→ **Brief**: Only the lines below between the ones containing "(若您的家用冰箱冷凍庫溫度未低於-18度C,建議您於收到貨一個月內食用完畢)" and "フランスより入荷しました、小", inclusive, are to be reproduced, each exactly as it stands.

[Supplied records — start]

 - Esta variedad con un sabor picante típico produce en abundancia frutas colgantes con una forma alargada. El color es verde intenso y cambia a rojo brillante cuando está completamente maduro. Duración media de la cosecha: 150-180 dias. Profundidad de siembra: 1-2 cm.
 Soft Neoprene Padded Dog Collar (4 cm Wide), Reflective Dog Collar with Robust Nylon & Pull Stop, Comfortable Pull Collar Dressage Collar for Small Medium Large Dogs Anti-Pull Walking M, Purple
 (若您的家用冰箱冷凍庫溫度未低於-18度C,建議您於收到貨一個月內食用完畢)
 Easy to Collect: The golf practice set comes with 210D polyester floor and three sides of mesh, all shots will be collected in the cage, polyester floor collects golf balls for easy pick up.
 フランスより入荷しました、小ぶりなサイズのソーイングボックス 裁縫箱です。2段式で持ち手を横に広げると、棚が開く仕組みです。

[Supplied records — finish]
[Supplied records — start]

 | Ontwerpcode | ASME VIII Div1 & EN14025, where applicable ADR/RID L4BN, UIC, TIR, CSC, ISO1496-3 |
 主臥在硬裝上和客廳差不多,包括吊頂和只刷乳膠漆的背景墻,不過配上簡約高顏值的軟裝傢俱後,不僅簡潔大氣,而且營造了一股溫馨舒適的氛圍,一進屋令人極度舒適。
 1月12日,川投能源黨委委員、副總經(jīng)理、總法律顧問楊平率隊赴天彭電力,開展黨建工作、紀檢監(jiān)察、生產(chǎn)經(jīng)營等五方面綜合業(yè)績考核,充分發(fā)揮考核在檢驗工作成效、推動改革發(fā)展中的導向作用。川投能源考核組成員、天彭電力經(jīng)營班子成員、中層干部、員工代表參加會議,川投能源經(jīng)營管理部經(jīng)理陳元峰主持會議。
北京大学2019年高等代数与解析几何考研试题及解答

[Supplied records — finish]

→ **Finished task**:
 (若您的家用冰箱冷凍庫溫度未低於-18度C,建議您於收到貨一個月內食用完畢)
 Easy to Collect: The golf practice set comes with 210D polyester floor and three sides of mesh, all shots will be collected in the cage, polyester floor collects golf balls for easy pick up.
 フランスより入荷しました、小ぶりなサイズのソーイングボックス 裁縫箱です。2段式で持ち手を横に広げると、棚が開く仕組みです。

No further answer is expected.